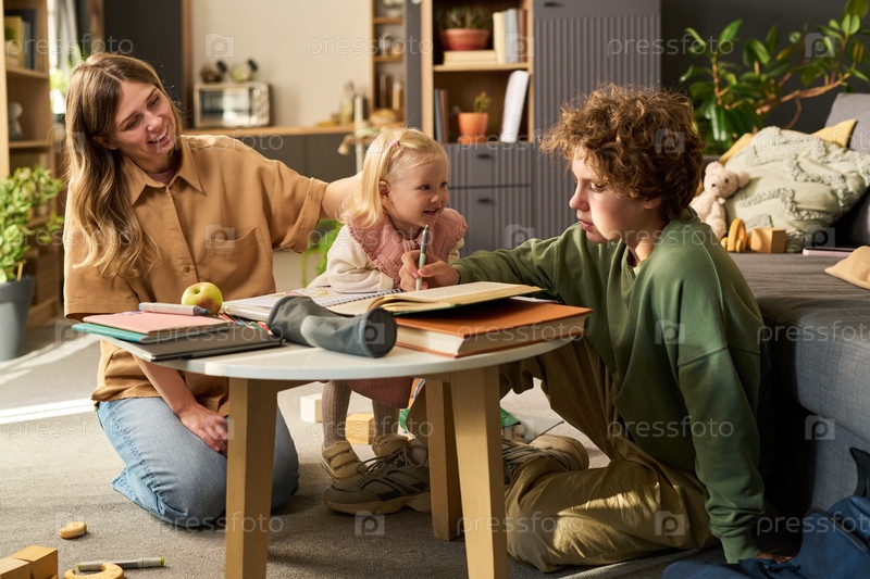 Молодая женщина улыбается, глядя на подростка, рисующего с малышом
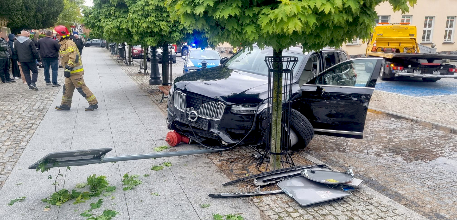 Pijany kierowca uderzył w ratusz w Nidzicy. Po drodze niszczył przeszkody
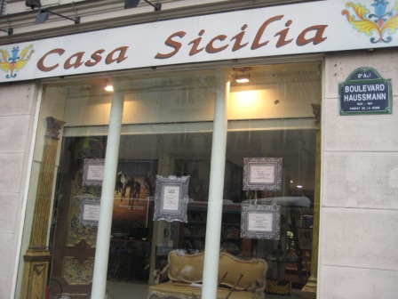 Quella che vedete sopra e’ l’insegna di “Casa Sicilia”, importante e caratteristico negozio che, in una delle vie piu’ trafficate di Parigi, espone i nostri prodotti tradizionali, dai mobili ai vasi di Caltagirone ai pupi Siciliani.
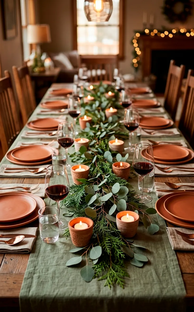 Let’s talk about that Christmas feast. Your guests want to feel relaxed, not overwhelmed by a mountain of gold-plated tinsel. I love using linen napkins in soft sage against a terracotta-toned runner. It creates a stunning visual contrast that feels grounded and earthy. Plus, it hides red wine stains way better than a white tablecloth would—FYI, that’s a professional tip from someone who is very clumsy. 🏺
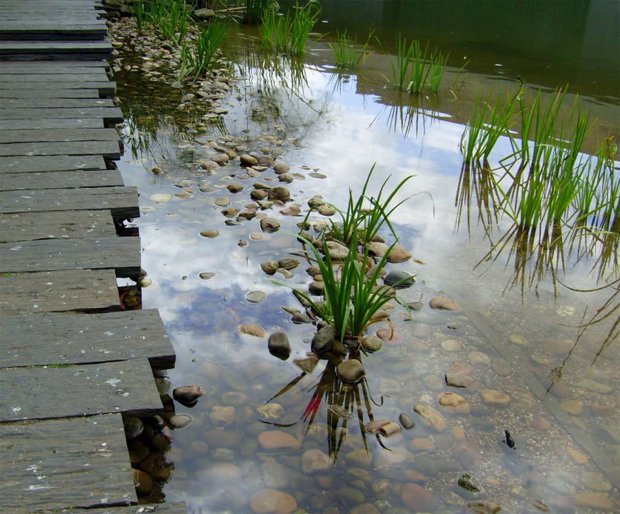 Se realizó una importante operación de limpieza y aclareo de la vegetación, abriendo nuevos caminos y áreas de fructificación en áreas antes inaccesibles. También se cerraron y formaron linderos con especies arbustivas como arrayán, boj y otras especies de la flora portuguesa utilizadas en este jardín desde su concepción inicial, muchas de las cuales incluso han sido reproducidas en los viveros de la Fundación, salvaguardando su herencia genética. La última fase en completarse fue la fase 4, con la pavimentación de senderos y la construcción de una pequeña estancia en la orilla sur del lago. Se trata de una zona de estancia en relación directa con el espejo de agua, donde se crea una situación excepcional para los dos tipos de ribera existentes en el lago. El banco corresponde al muro de sustentación que antes definía la orilla, y la superficie de cantos rodados, que establece la concordancia altimétrica con el fondo del lago, reemplaza el borde de vegetación lacustre que bordea todo el lago. Al final de esta larga intervención, “en la fuerza de su vegetación”, sorprendente y muy cómoda, el jardín se puebla en todos sus rincones, lleno de eventos programados y espontáneos, un lugar de pausa donde todos nos sentimos “en casa”. .
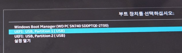 리스트 중, UEFI:USB,Partition1 (USB) 를 선택한다.
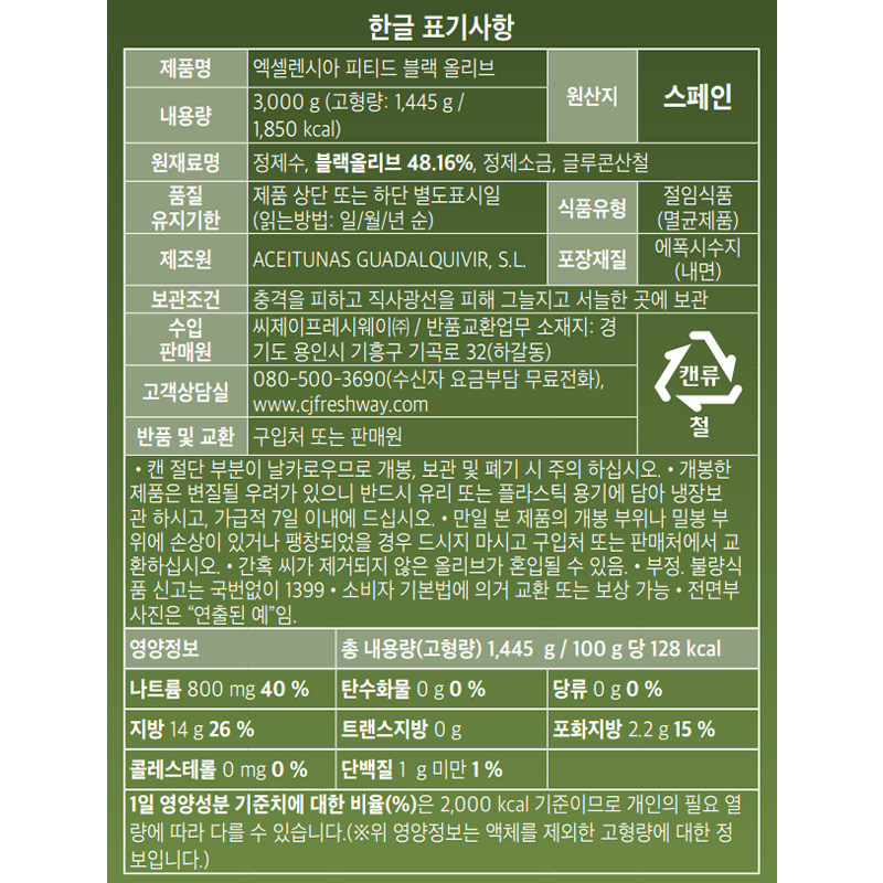 엑셀렌시아 올리브(블랙_피티드_홀 3Kg/EA)

» **Task description**:
Up in the listing, locate the line with "Pijany kierowca uderzył"; print it and every line after it down to the line with "Quella che vedete", which is included too. Skip the pictures.

» **Completed exercise**:
 Pijany kierowca uderzył w ratusz w Nidzicy. Po drodze niszczył przeszkody
 Quella che vedete sopra e’ l’insegna di “Casa Sicilia”, importante e caratteristico negozio che, in una delle vie piu’ trafficate di Parigi, espone i nostri prodotti tradizionali, dai mobili ai vasi di Caltagirone ai pupi Siciliani.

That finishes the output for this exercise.